== EXERCISE PROMPT ==
Repeat the records word for word, excluding any picture.

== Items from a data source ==
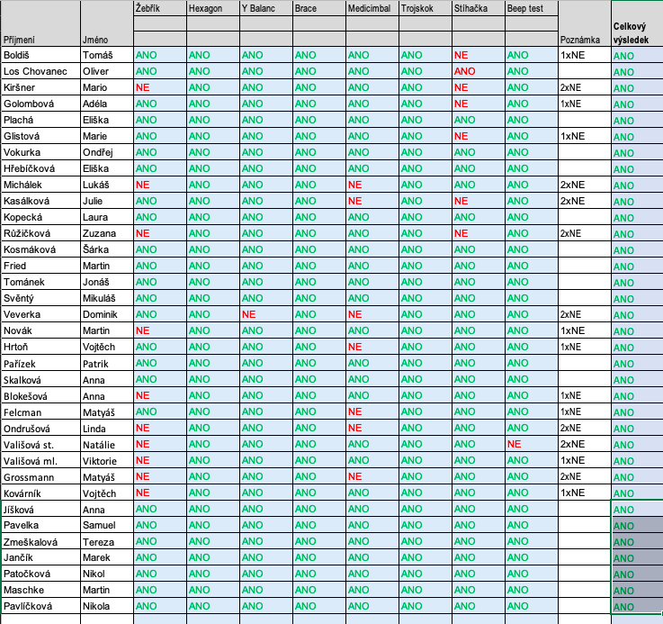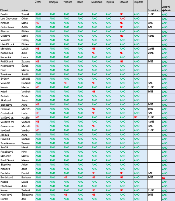 Tabulka je pouze předběžná. Finalní rozdělení bude až po opravném termínu fyzických testů, které proběhnou na 2.srazu v Ostravě.
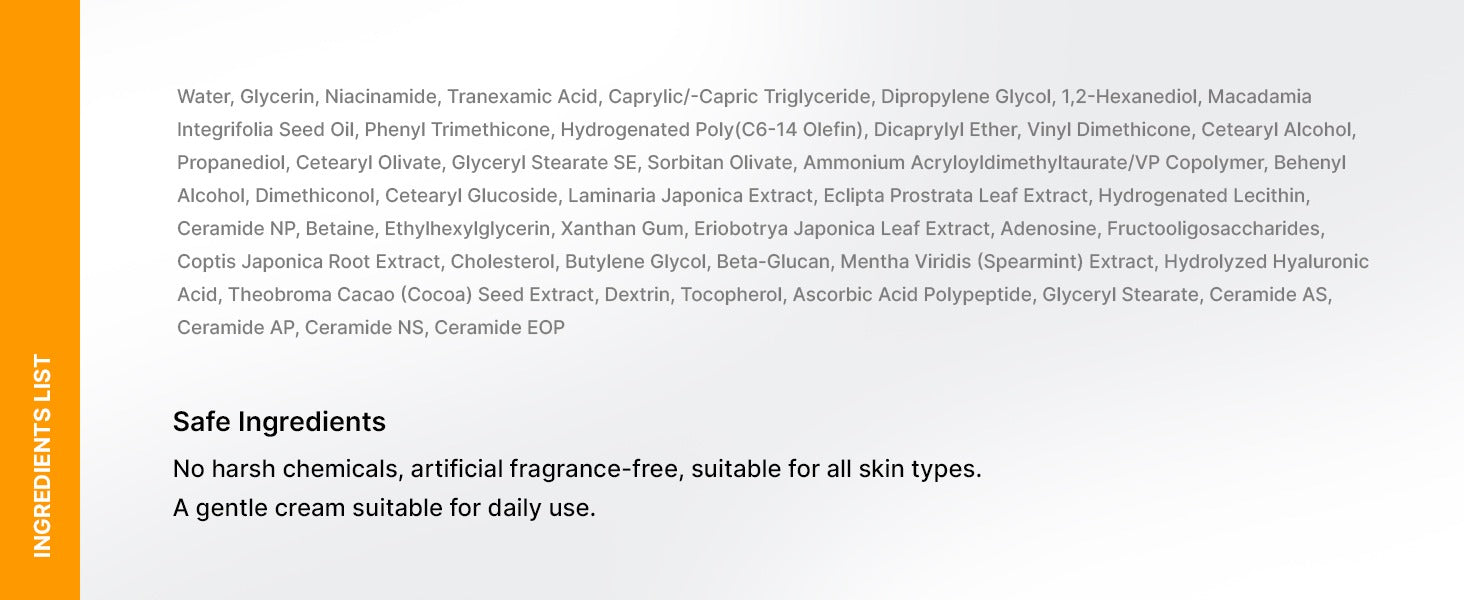 Water, Glycerin, Niacinamide, Tranexamic Acid, Caprylic/Capric Triglyceride, Dipropylene Glycol, 1,2-Hexanediol, Macadamia Integrifolia Seed Oil, Phenyl Trimethicone, Hydrogenated Poly(C6-14 Olefin), Dicaprylyl Ether, Vinyl Dimethicone, Cetearyl Alcohol, Propanediol, Cetearyl Olivate, Glyceryl Stearate SE, Sorbitan Olivate, Ammonium Acryloyldimethyltaurate/VP
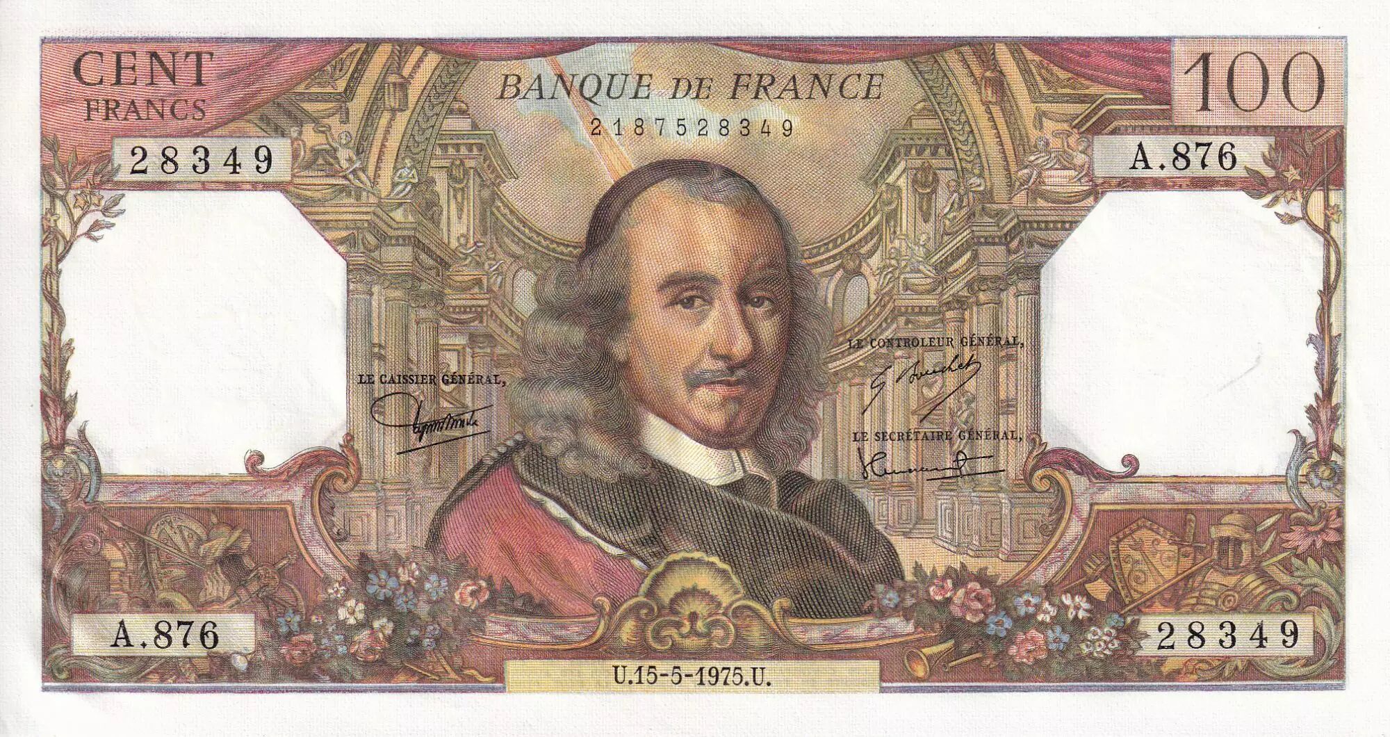 Accueil > Archivage > France 100 Francs - Corneille - 15-05-1975 - Série A.876 - SUP+ - F.65.49
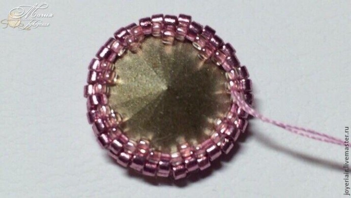 Потом вставляем риволи лицевой стороной вверх и оформляем изнанку. Плетем бисером N15 два ряда.
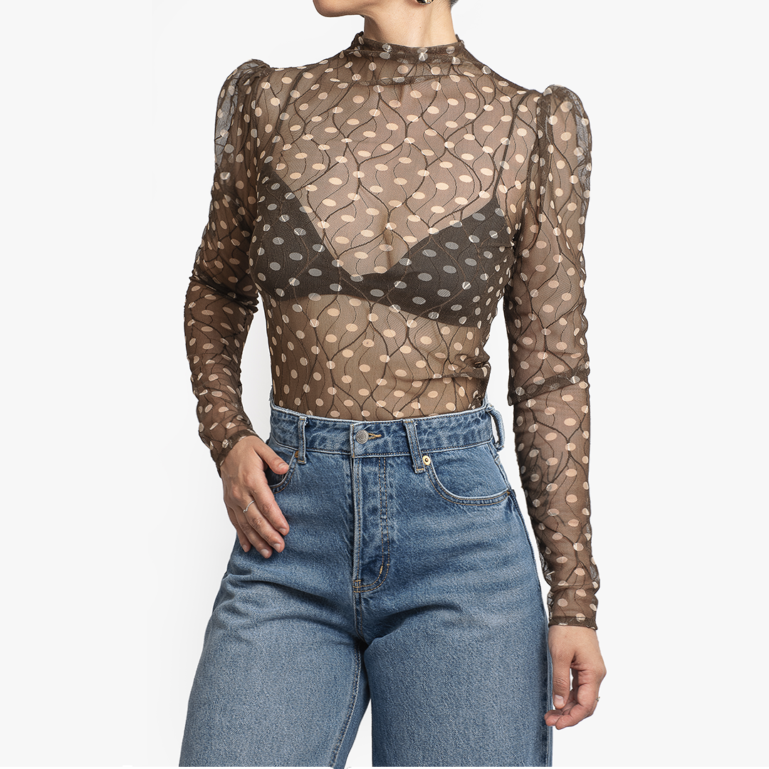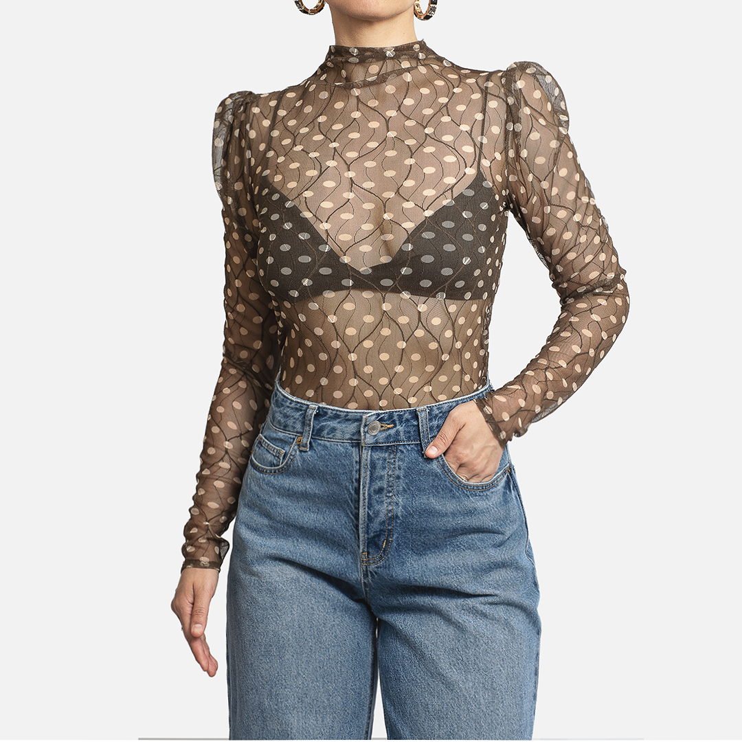 Su base nude translúcida crea un juego delicado con la piel, mientras el patrón de puntos negros con su suave manga abombada en el hombro aporta estructura visual y encanto.
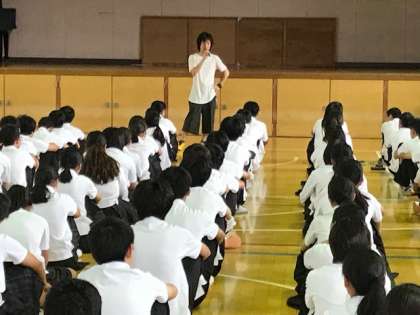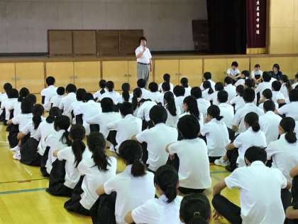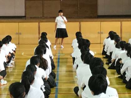 本日の学年集会は、生徒会役員さんから昨日の「ノーチャイムデー」を振り返っての反省と、先生からは本日実施される「租税教室」と、2学期に実施される「高校からの出前授業」について連絡がありました。
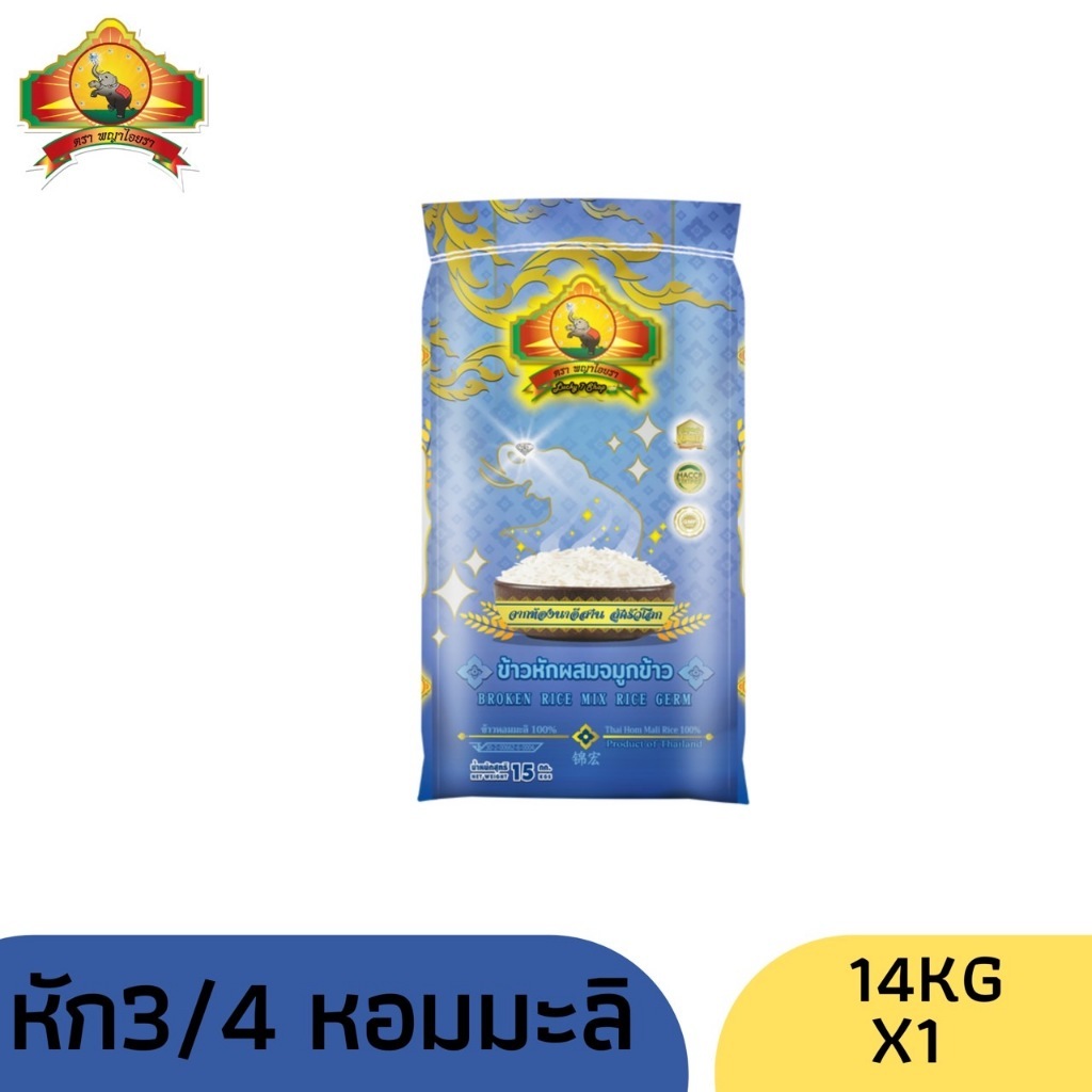(ซื้อในไลฟ์ใช้โค้ด40% ตกกิโลละ 11).- ข้าวหักผสมจมูกข้าว หอมมะลิแท้100% 14KG ตราพญาไอยรา เกรดส่งออก
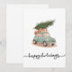 Tarjeta Festiva Felices Fiestas Coche Antiguo Estilo Cute Cartoon
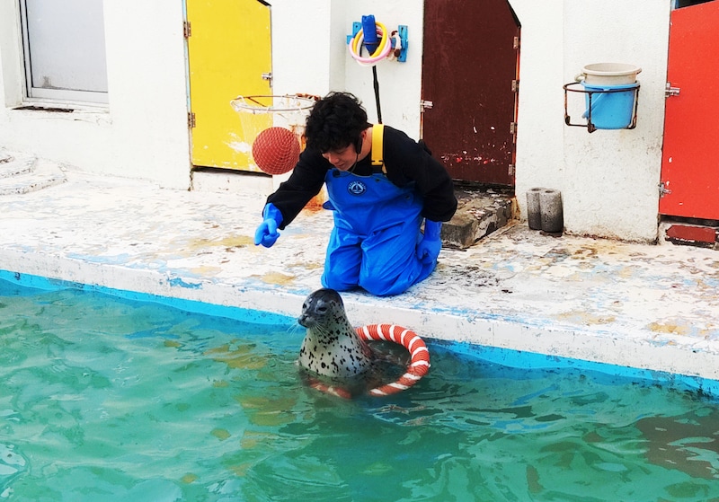ノシャップ寒流水族館には、北国ならではの珍しい魚やペンギンなど、120種約1300点が飼育展示されており、訪れる観光客の目を楽しませています。なかでも大人気なのが、当館一番人気のキャラクターであるゴマフアザラシ。この春誕生した赤ちゃんの名は、お姉ちゃんの「ポポ」ちゃんと弟の「ライ」君。愛らしい2頭の姿に、きっとあなたも夢中になるはずです。 生まれたばかりの2頭の赤ちゃんは、体全体が白い産毛で覆われており、白いぬいぐるみのようだったとのこと。母親に甘えたりお乳をおねだりするかわいい姿が地元メディアやSNSで取り上げられ、ゴマちゃん人気が急上昇しました。 生まれて100日を超えた現在、白い産毛姿から黒いゴマ模様に姿を変えたものの、赤ちゃんの雰囲気はそのまま。アザラシ池の横にある幼獣池を元気に泳ぎ回ったり、プールに浮かべられたおもちゃで遊んだりする愛らしいしぐさの一つひとつは、当館を訪れる人々の心を和ませてくれます。

== OUTPUT ==
 Tabulka je pouze předběžná. Finalní rozdělení bude až po opravném termínu fyzických testů, které proběhnou na 2.srazu v Ostravě.
 Water, Glycerin, Niacinamide, Tranexamic Acid, Caprylic/Capric Triglyceride, Dipropylene Glycol, 1,2-Hexanediol, Macadamia Integrifolia Seed Oil, Phenyl Trimethicone, Hydrogenated Poly(C6-14 Olefin), Dicaprylyl Ether, Vinyl Dimethicone, Cetearyl Alcohol, Propanediol, Cetearyl Olivate, Glyceryl Stearate SE, Sorbitan Olivate, Ammonium Acryloyldimethyltaurate/VP
 Accueil > Archivage > France 100 Francs - Corneille - 15-05-1975 - Série A.876 - SUP+ - F.65.49
 Потом вставляем риволи лицевой стороной вверх и оформляем изнанку. Плетем бисером N15 два ряда.
 Su base nude translúcida crea un juego delicado con la piel, mientras el patrón de puntos negros con su suave manga abombada en el hombro aporta estructura visual y encanto.
 本日の学年集会は、生徒会役員さんから昨日の「ノーチャイムデー」を振り返っての反省と、先生からは本日実施される「租税教室」と、2学期に実施される「高校からの出前授業」について連絡がありました。
(ซื้อในไลฟ์ใช้โค้ด40% ตกกิโลละ 11).- ข้าวหักผสมจมูกข้าว หอมมะลิแท้100% 14KG ตราพญาไอยรา เกรดส่งออก
 Tarjeta Festiva Felices Fiestas Coche Antiguo Estilo Cute Cartoon
ノシャップ寒流水族館には、北国ならではの珍しい魚やペンギンなど、120種約1300点が飼育展示されており、訪れる観光客の目を楽しませています。なかでも大人気なのが、当館一番人気のキャラクターであるゴマフアザラシ。この春誕生した赤ちゃんの名は、お姉ちゃんの「ポポ」ちゃんと弟の「ライ」君。愛らしい2頭の姿に、きっとあなたも夢中になるはずです。 生まれたばかりの2頭の赤ちゃんは、体全体が白い産毛で覆われており、白いぬいぐるみのようだったとのこと。母親に甘えたりお乳をおねだりするかわいい姿が地元メディアやSNSで取り上げられ、ゴマちゃん人気が急上昇しました。 生まれて100日を超えた現在、白い産毛姿から黒いゴマ模様に姿を変えたものの、赤ちゃんの雰囲気はそのまま。アザラシ池の横にある幼獣池を元気に泳ぎ回ったり、プールに浮かべられたおもちゃで遊んだりする愛らしいしぐさの一つひとつは、当館を訪れる人々の心を和ませてくれます。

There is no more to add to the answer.